Vienna, strategia modello Bataclan che rilancia il terrore organizzato
Vienna, strategia modello Bataclan che rilancia il terrore organizzato
di Cristiana Mangani
5 Minuti di Lettura
Martedì 3 Novembre 2020, 09:22 - Ultimo aggiornamento: 09:25

I primi segnali sono arrivati dall'Africa, con continui attentati terroristici messi a segno dai reduci del Califfato. Che la jihad avesse solo allentato la presa, ma non avesse mollato, lo hanno ben chiaro da sempre gli 007 di mezzo mondo. L'emergenza legata al Covid aveva fatto sperare che, almeno quel nemico, non si sarebbe ripresentato in questo momento. E invece, gli attacchi continuano ad arrivare.

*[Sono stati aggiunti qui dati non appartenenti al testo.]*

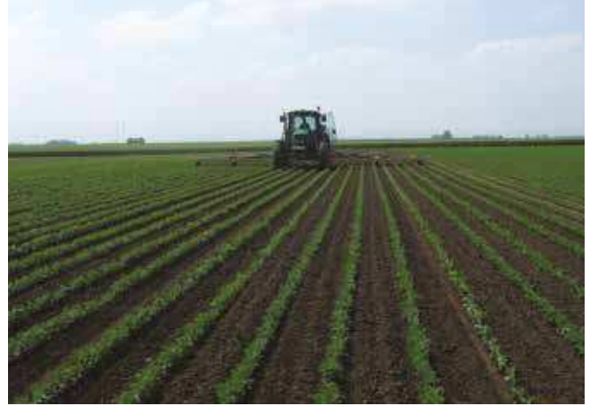
Нега усева – међуредна култивација

La decapitazione di Samuel Paty a Parigi, il 16 ottobre scorso, e la strage nella basilica di Notre Dame a Nizza, pochi giorni fa, ci ricordano che i tanti Abdullakh Anzorov, autore del primo omicidio, e i Brahim Aouissaouia, l'accoltellatore che ha fatto tre vittime nella cattedrale ed il saudita che a Gedda, nelle stesse ore aggrediva la guardia del consolato francese, formano una legione invisibile votata a destabilizzare l'Europa. E se finora eravamo abituati all'idea che l'Isis decapitata non avesse le energie per concertare un attacco organizzato, l'attentato di Vienna ha cambiato nuovamente le carte in tavola. Sembra di essere tornati alla strategia militare della strage al Bataclan, a Parigi.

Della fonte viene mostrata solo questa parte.